Лиза продолжала сидеть на кровати. В окаменелом лице ее выразилось глубокое раздумье и даже некоторое недоумение. «Где же это я? – подумала девушка, и глаза ее забегали по комнате. – Господи Святой, неужели все окажется так, как я слышала только что? Но Ты не можешь меня оставить, Ты не позволишь мне сдаться… Иисус, не дай мне отступить от Тебя… Я не хочу сделаться предательницей… Ты святым Твоим все давал перенести и устоять в вере, любви и надежде. Господи, сколько мучений перенесли апостолы, но Ты сохранил их для Себя Самого, сохранил сердца их верными Тебе… Так дай же и мне не сломиться ни пред каким страхом и мучением, ни пред какими словами этих людей и их угрозами… Что может быть страшнее, чем быть отлученной от Имени Твоего… Нет!
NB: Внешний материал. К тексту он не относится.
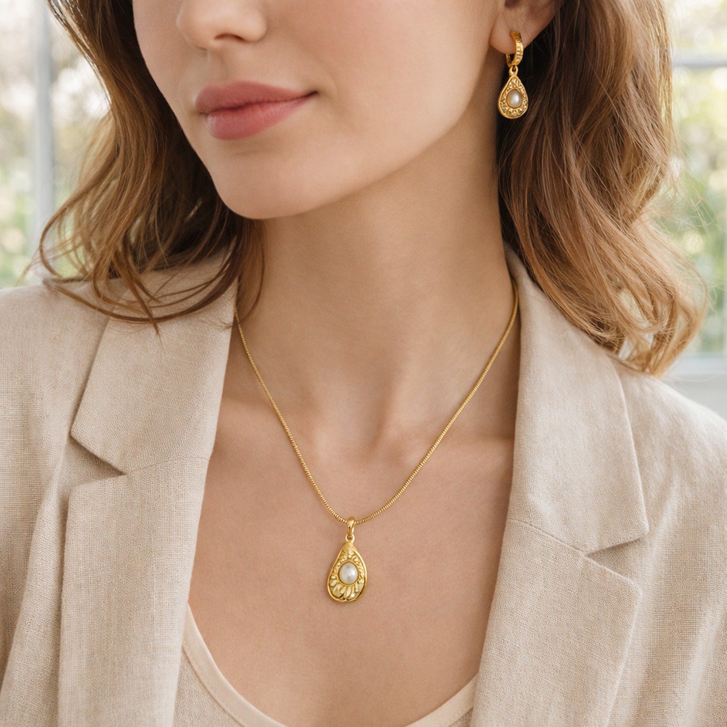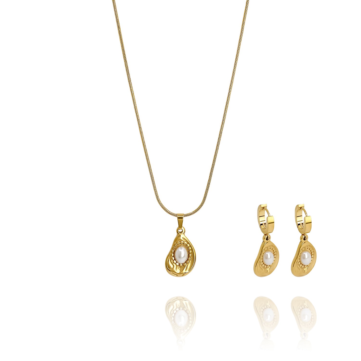 Σετ κολιέ και σκουλαρίκια με ατσάλινη αλυσίδα και δάκρυ με πέρλα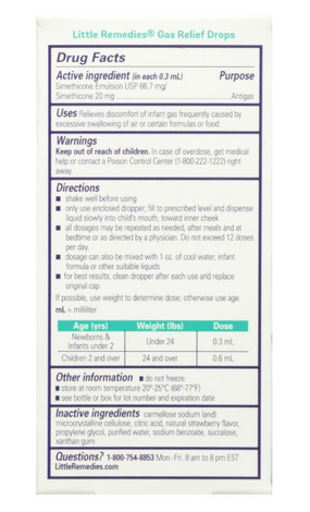 Little Remedies儿童肠胃胀气果味滴剂的主要成分为simethicone(二甲硅油),它可以将腹中小气泡凝聚在一起并结合成更大的气泡,使它们更容易借着打隔或放气(屁)作用将气体排出,从而解决宝宝胃肠胀气问题。一般几分钟即可见效。
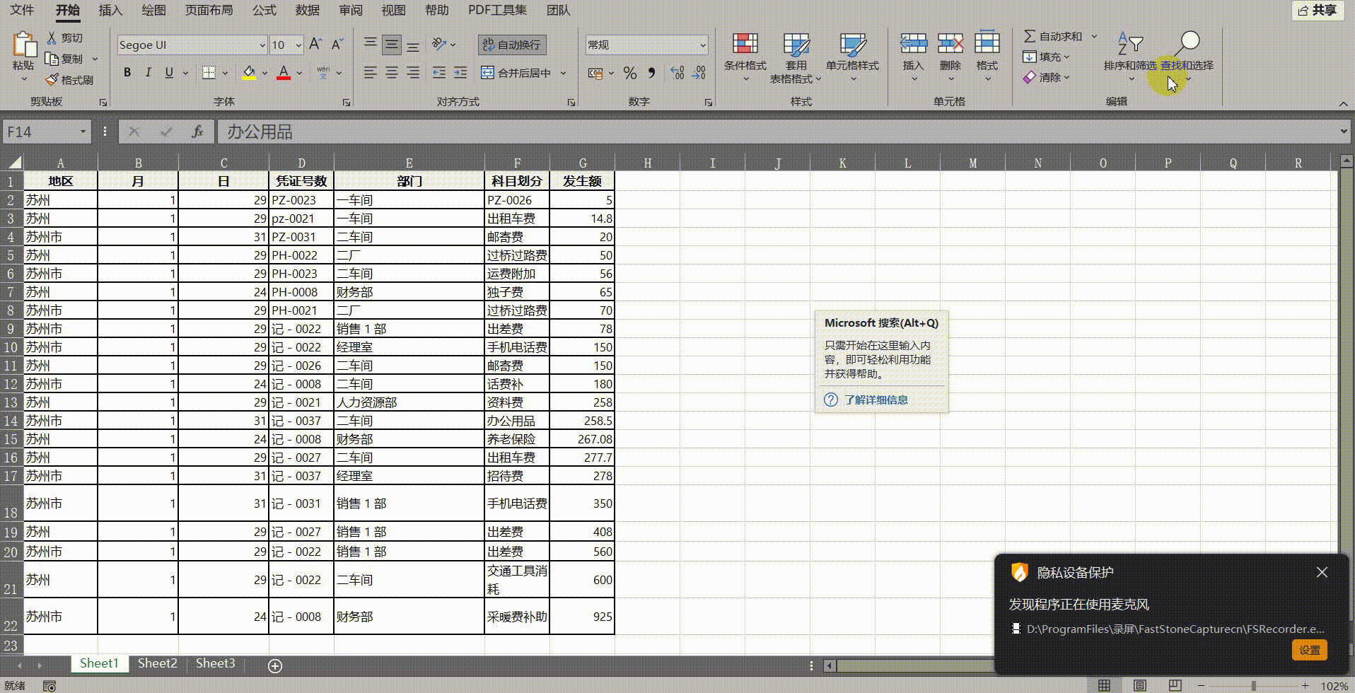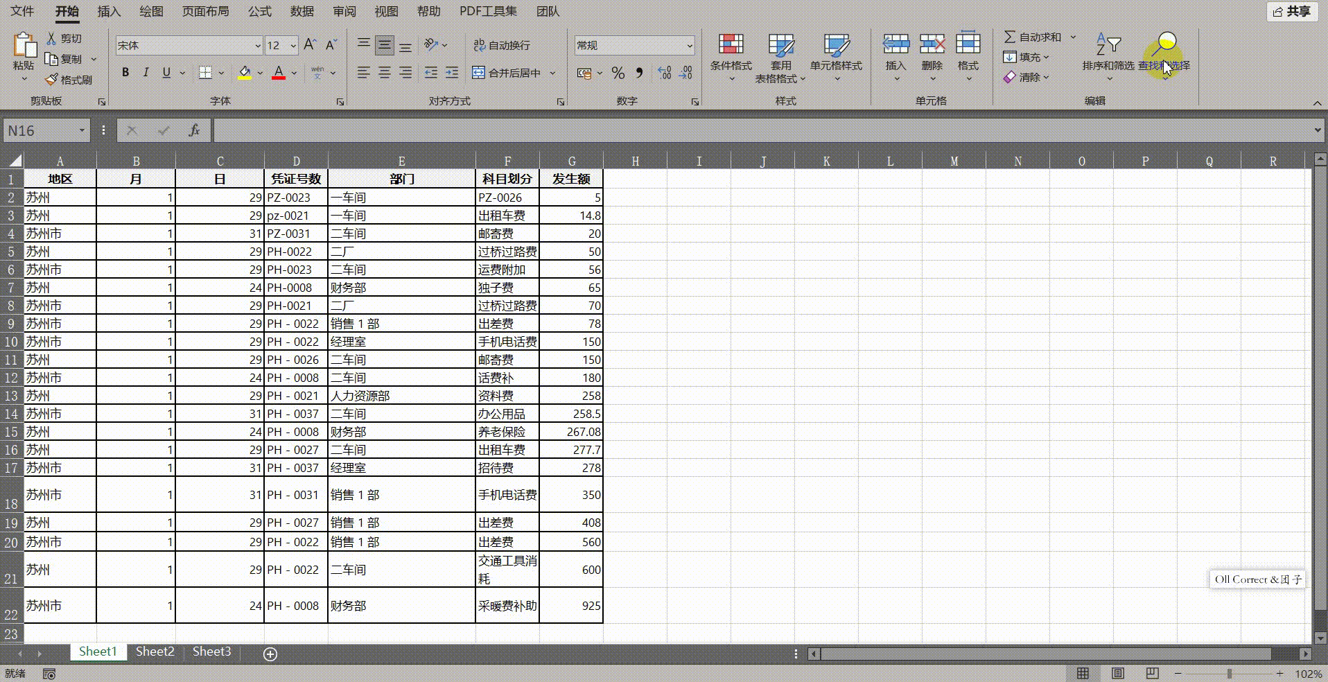 (2)选中数据区域→点击【开始】选项卡→【排序和筛选】,给表头列添加筛选按钮;

Господи, не позволь мне отречься от Имени Твоего Святого… Если Тебе угодно, чтобы я приняла смерть, мучения, пытки, то даруй мне все стерпеть с Именем Твоим, Иисус Христос, с Твоим Именем на устах… Чтобы и сердце мое до последнего вздоха, до последнего удара и, даже после, как закроются мои глаза, чтобы не оставило Тебя мое сердце, прошу, Господи, помоги! Я слабая, я ничто пред Тобою… Разве могу я полагаться на свои жалкие силы? Но на милость Твою, Святой Боже, я уповаю, на Твою всеобъемлющую любовь… Пребудь со мной во веки, не дай мне упасть, сохрани меня для Себя, для Твоей Святой Славы…» – она вслух прочла девяностый псалом и, переодевшись, и уложив волосы, вышла из спальни, направившись к матери мужа, что уже давно ожидала ее в зале.
Закира стояла у дивана и разговаривала с Амалью в то время, как в зал вошла Лиза. Женщина, увидев невестку, еще более выпрямилась, хотя она и всегда держалась гордо и статно, исподлобья взглянула она на девушку и косо улыбнулась, точно задумала что-то. Закира медленно постукивала пальцами по спинке дивана и, чуть приподняв голову, при том показав сухую длинную шею пятидесяти летней женщины, подозвала Лизу.
– Я пойду, мама, – сказала живо Амаль, еще находившаяся в комнате. – Я буду в саду. – она поцеловала в щеку мать и выбежала на улицу.
– Что ж, вот мы и увиделись, наконец, лицом к лицу. – произнесла Закира степенно и невозмутимо гордо. – Я надеюсь, что ты проявишь себя послушной и покорной… – она осмотрела Лизу с ног до головы, только проводя глазами. – Мне велено научить тебя всем обязанностям. Ты должна делать все, что я прикажу…
– Хорошо. – коротко ответила Лиза, не дав свекрови договорить.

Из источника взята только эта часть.